A (VERY) simplified version of the code can be seen below:
WITH start_data AS (
SELECT user_id
,COUNT(web_visits) AS count_web_visits
,COUNT(button_clicks) AS count_button_clicks
,COUNT(login) AS count_log_in
,SUM(time_on_site) AS total_time_on_site
,CURRENT_DATE AS run_date
FROM web.table
WHERE TO_CHAR(visit_date, 'YYYY-MM-DD') BETWEEN DATEADD(DAY, -90, CURRENT_DATE) AND CURRENT_DATE
AND some_flag = 1
AND some_other_flag = 2
GROUP BY user_id
ORDER BY user_id DESC
)
The output might look something like the below:
| user_id | count_web_visits | count_button_clicks | count_log_in | total_time_on_site | run_date |
|---------|------------------|---------------------|--------------|--------------------|----------|
| 1234567 | 256 | 932 |16 | 1200 | 23-01-20 |
| 2391823 | 710 | 1345 |308 | 6000 | 23-01-20 |
| 3729128 | 67 | 204 |83 | 320 | 23-01-20 |
| 5561296 | 437 | 339 |172 | 3600 | 23-01-20 |
This output is then stored in it's own AWS/Redhsift table and will form base table for the task.
SELECT *
into myschema.base_table
FROM start_data
DESIRED OUTPUT:
What I need to be able to do, is iteratively run this code such that I append new data to myschema.base_table
, every day, for the previous 90's day aggregation.

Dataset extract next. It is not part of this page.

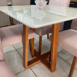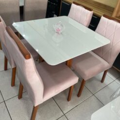 Esta deslumbrante peça destaca-se por um design moderno e elegante, exibindo linhas limpas e um toque de luxo. O tampo de vidro temperado acrescenta um brilho sutil, elevando a elegância da mesa. O canto arredondado não apenas contribui para a estética refinada, mas também aprimora a experiência de jantar, proporcionando conforto e segurança. Em harmonia com o tampo de vidro temperado, a base e as cadeiras de veludo, este conjunto cria um ambiente convidativo e belíssimo.
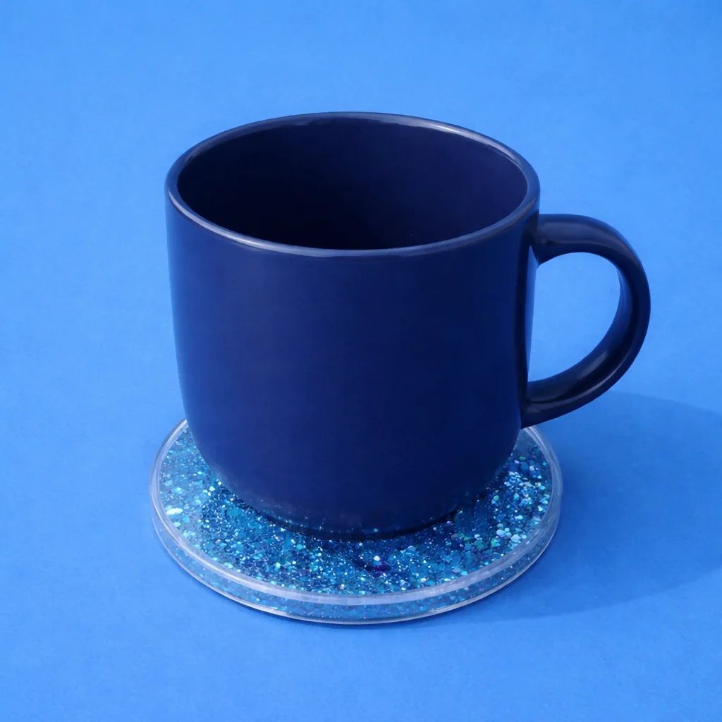 blue glitter tea coaster, resin cup coaster, coffee mug coaster, round table coaster, decorative tea coaster, drink coaster for table, heat resistant coaster, resin coaster for cups, sparkle coaster, kitchen table accessories

The way I see it, I can either go forwards or backwards, it doesn't matter.
That is to say, I can either:
- Starting from today, run the code, everyday, for the preceding 90 days, going BACK to the (first date in the table + 90 days)
OR
- Starting from the (first date in the table + 90 days), run the code for the preceding 90 days, everyday, going FORWARD to today.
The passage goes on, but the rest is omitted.